The Music of Baseball

Cliff Lee, pitching for the Phillies in the 2009 World Series


As a kid, my husband Tom played shortstop and slugged home runs in the Little League. He never grew tall enough to become a professional baseball player, but he retained a great love of the game, and during our early married life in Columbus, Ohio, he always had the radio tuned to the “Cincinnati Reds Radio Network.” As the mother of two little girls who were into ballet and Laura Ingalls Wilder, I tuned out the play-by-play commentary, although the sausage jingle for Kahn’s “Big Red Smokies” still sticks in my head.

It wasn’t until we moved to Philadelphia that I started noticing baseball. It couldn’t be helped; I succumbed to the constant barrage –- jerseys, stickers, car antenna pennants, caps, shirts, and talk, talk, talk -– of Phillies this, Phillies that, especially during the ‘08 and ‘09 World Series, when Phillies fandom reached fever pitch. I tuned in, and fell in love with the grace of baseball when then-Philly pitcher Cliff Lee fielded a ground ball behind his back and shrugged as if to say, “hey, that was as easy to play as a C-major scale.”

I began to understand the suspense of baseball, began to see that watching a pitcher is like hearing a great concert pianist perform. The audience expectation is high and the anticipation palpable right before the wind-up/the first chord. The delivery is quick and immediately telling – one must be absolutely accurate in the strike zone/in playing the right notes. Predictability is fatal for both. A pitcher must vary his rhythm and the kinds of pitches he throws so the batter can’t get a hit off of him. A pianist must vary her phrasing and tempos, or her audience will fall asleep and not be moved. A pitcher collaborates with his catcher; a pianist with an orchestra or a singer or an instrumentalist. Both pitcher and solo pianist must possess the mental toughness of a general.

And when they blunder?

Three days ago, Cliff Lee, starting in Game One of the 2010 World Series, but this time in a Texas Rangers jersey, pitched a game that did not go his way at all. He gave up seven runs and was pulled out of the game after only four innings. Camera shots of him sitting in the dugout showed him stoically watching his team disintegrate.
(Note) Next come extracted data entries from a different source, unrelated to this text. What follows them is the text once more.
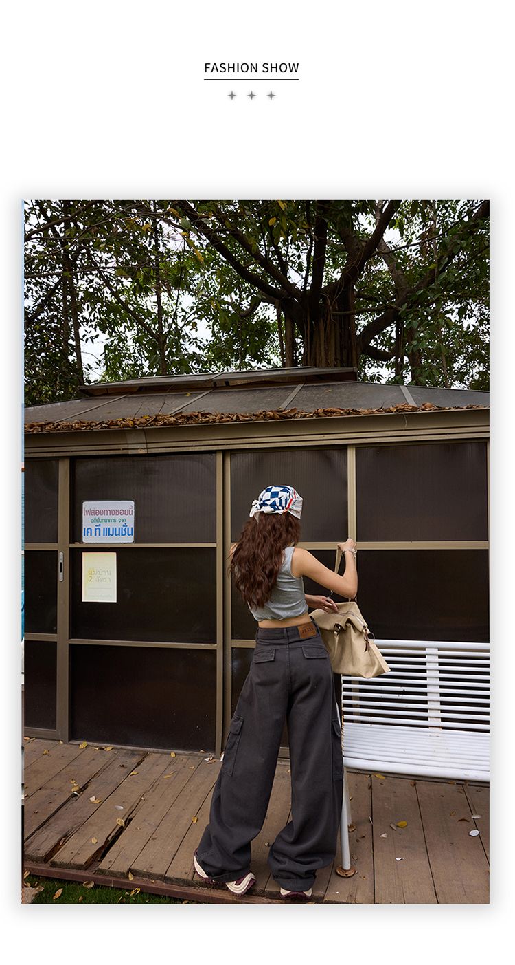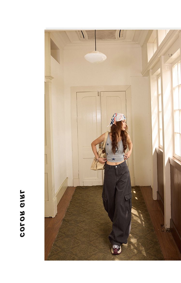 아메리칸 레트로 하이웨이스트 와이드 와이드 레그 팬츠 다용도 도루 센스 봄 여름 모통이 칼 바지 뒤집다 측면 워크웨어 청바지 여성
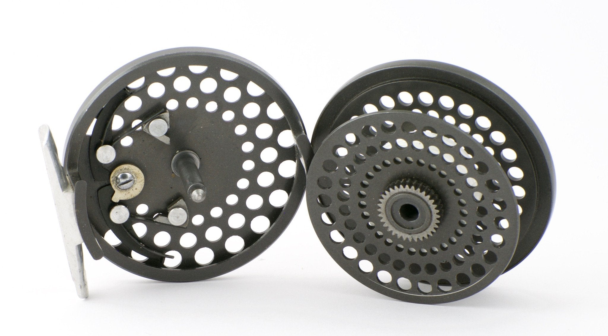 For sale here is a very early Orvis CFO IV fly reel - the screwback model with three holes in the reel foot. Made in England. Excellent condition. The reel is dated to 1972, the year the CFO premiered based on the lack of a nickel-silver line guard the models from 1973 forward possessed. Left or right hand retrieve. Exposed spool rim for easy palming. Tensioner still works great with a very pleasing clicker sound. The latch performs flawlessly. At a diameter of 3 1/8" the IV is a great all around reel for anything from a 4-7 wt rod. The reel weighs 4.0 oz. Comes with original reel case and includes backing.
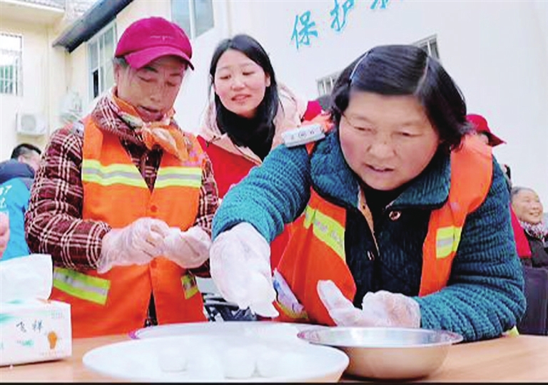環(huán)衛(wèi)工人在花荄鎮(zhèn)文星社區(qū)工會“愛心驛站”包湯圓。記者 安崢 攝
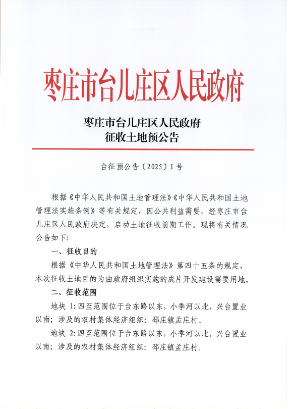 • 标  题:枣庄市台儿庄区人民政府土地征收预公告
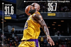 老詹今日對陣籃網(wǎng)暴扣垂直起跳80.3厘米&滑行2.9米 球過筐時速57.5公里(16.7米每秒)
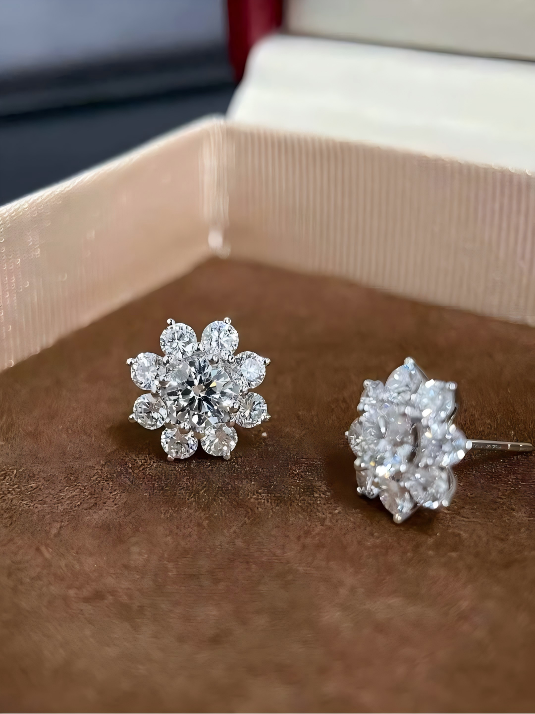 Floral Halo Architecture: The meticulous cluster setting creates a “big diamond” look, offering the visual surface area of a much larger single stone at a fraction of the cost.
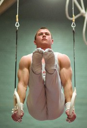 Thomas S. Caldwell ’09 does an L-seat on the rings during MIT’s match versus the College of William and Mary on March 13. The engineers lost 335.7-314.4 in their final home meet.
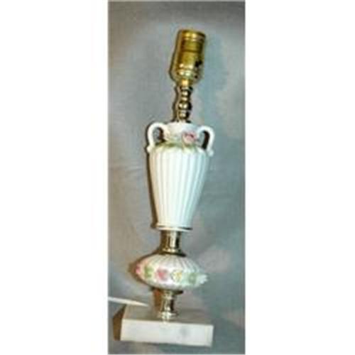 Lovely porcelain lamp in nice condition. It has a marble base. It is 13" tall. <p> The lamp works just fine and the cord looks good too. <p> It is rare to find these lamps in such fine shape. Usually the flower pedals are broken off. However this one here is in A1 condition. There are no broken or chiped flowers or edges. There are a few inconsistencies in the glaze but that has to do with the manufacturing process and not damage. <p> It comes without a shade. The type of shade it will need is the old type that clips onto the lightbulb. <P>
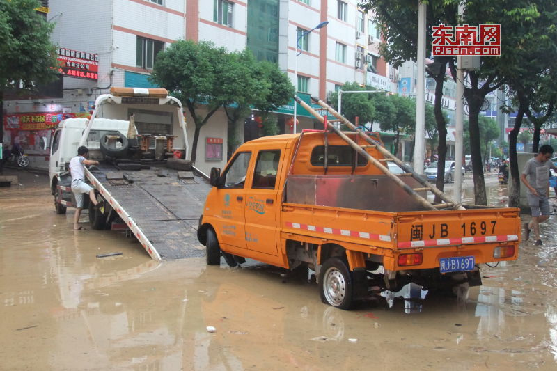 此前,电力、环卫等部门早就开始了救援行动。记者在文化宫门口见到了一辆被“救援”的救援车,这辆救援车是电力部门派出来抢修电力设施的。现场工作人员告诉记者:“我们这次是全员出动,在雨势最大的时候就已经在行动了,但是雨实在是太大了,导致我们的车辆出现故障,现在我们还要尽快赶去下一个抢修点。”
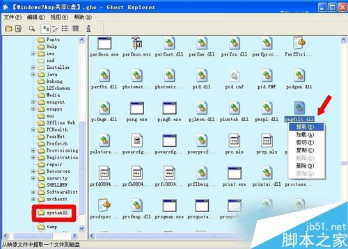5.可以到相同的操作系统中复制(Ctrl+C)、黏贴(Ctrl+V)到system32目录文件夹即可。如果已有系统镜像的备份(可以不求人),也可使用镜像浏览器,打开备份的镜像文件,依次找到动态链文件:Windows→system32→pngfilt.dll→提取,然后覆盖毁损的文件即可。
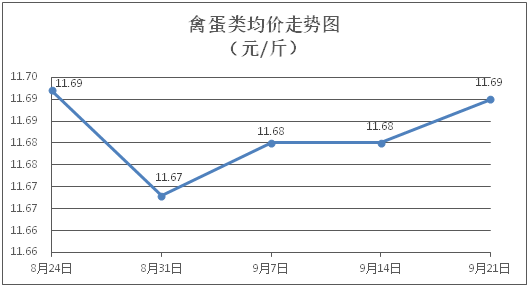 禽蛋类商品价格窄幅盘整。所监测的5种禽蛋类商品价格波动情况为2涨1跌2平,综合零售均价为每斤11.69元,环比上涨0.09%。其中:白条鸡、白条鸭零售均价分别为每斤20.80元、15.14元,环比分别下降0.05%、持平;鸡蛋、鸭蛋零售均价分别为每斤6.38元、7.09元,环比分别上涨0.47%、上涨0.42%。

The “machine,” his catcher Benjie Molina reminded the press, was “just a human being, like all of us.”

And here the parallel continues. All performers are human, and some concerts will be duds. But when everything lines up, when practice, talent and hard work conjoin with inspiration, a good instrument, fine acoustics, and right timing, the thrill of that performance is like the thrill of an exciting post-season game –- unique in the moment and to be savored forever.